Urban agriculture generally refers to the cultivation, processing and distribution of agricultural products in urban and suburban settings, including things like vertical production, warehouse farms, community gardens, rooftop farms, hydroponic, aeroponic, and aquaponic facilities, and other innovations. Urban farmers and gardeners work among diverse populations to expand access to nutritious foods, foster community engagement, provide jobs, educate communities about farming, and expand green spaces.

How to Get Involved

Feedback from farmers is crucial to USDA’s success, and USDA is working on two different networks to gather input and information. More information on how to get involved will be available in summer or fall of 2020.

Federal Advisory Committee

This committee will be composed of agricultural producers and industry professionals who will advise the USDA on policies and outreach.

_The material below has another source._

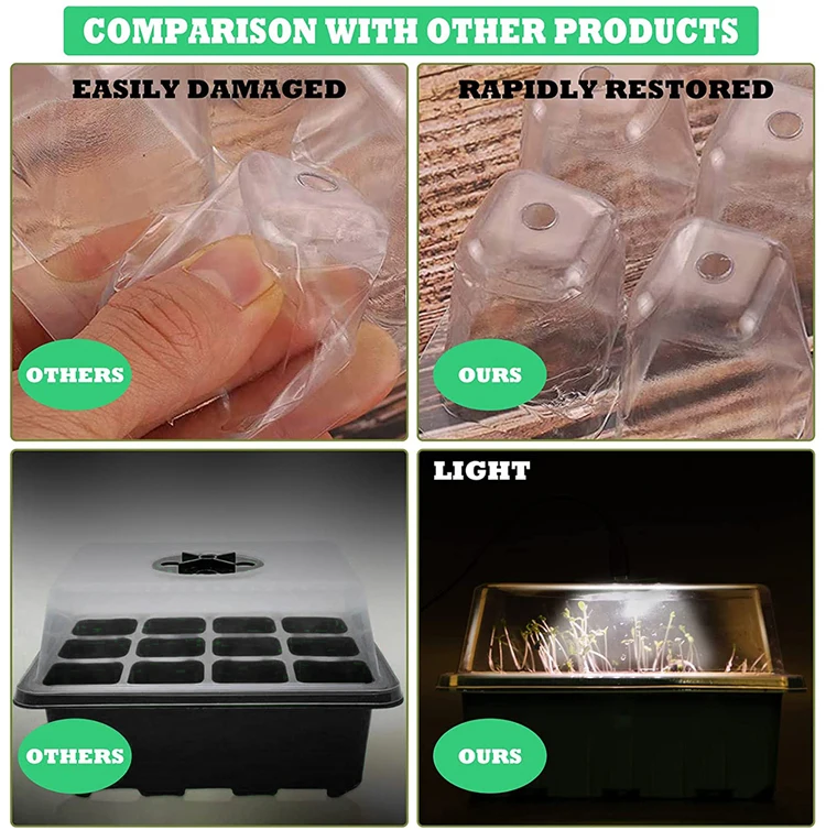 5Pack 12 Holes Small Propagator LED Grow Light Seeding Star Kit With Degradable Grow Bag

Urban and Suburban County Committees

These new Farm Service Agency County Committees will focus on issues around urban agriculture. Farmers who serve on committees help deliver FSA farm programs at the local level and ensure the programs serve the needs of local producers. The first five locations are listed below; five additional locations will be announced later in the fall.

  • Richmond, VA
  • Philadelphia, PA
  • Cleveland, OH
  • Portland, OR
  • Albuquerque, NM

August 12, 2020 News Release: USDA Announces New Farm Service Agency County Committees for Urban Agriculture, Requests Nominations


How to Get Funding

Deadlines have passed for Fiscal Year 2020 grants and cooperative agreements.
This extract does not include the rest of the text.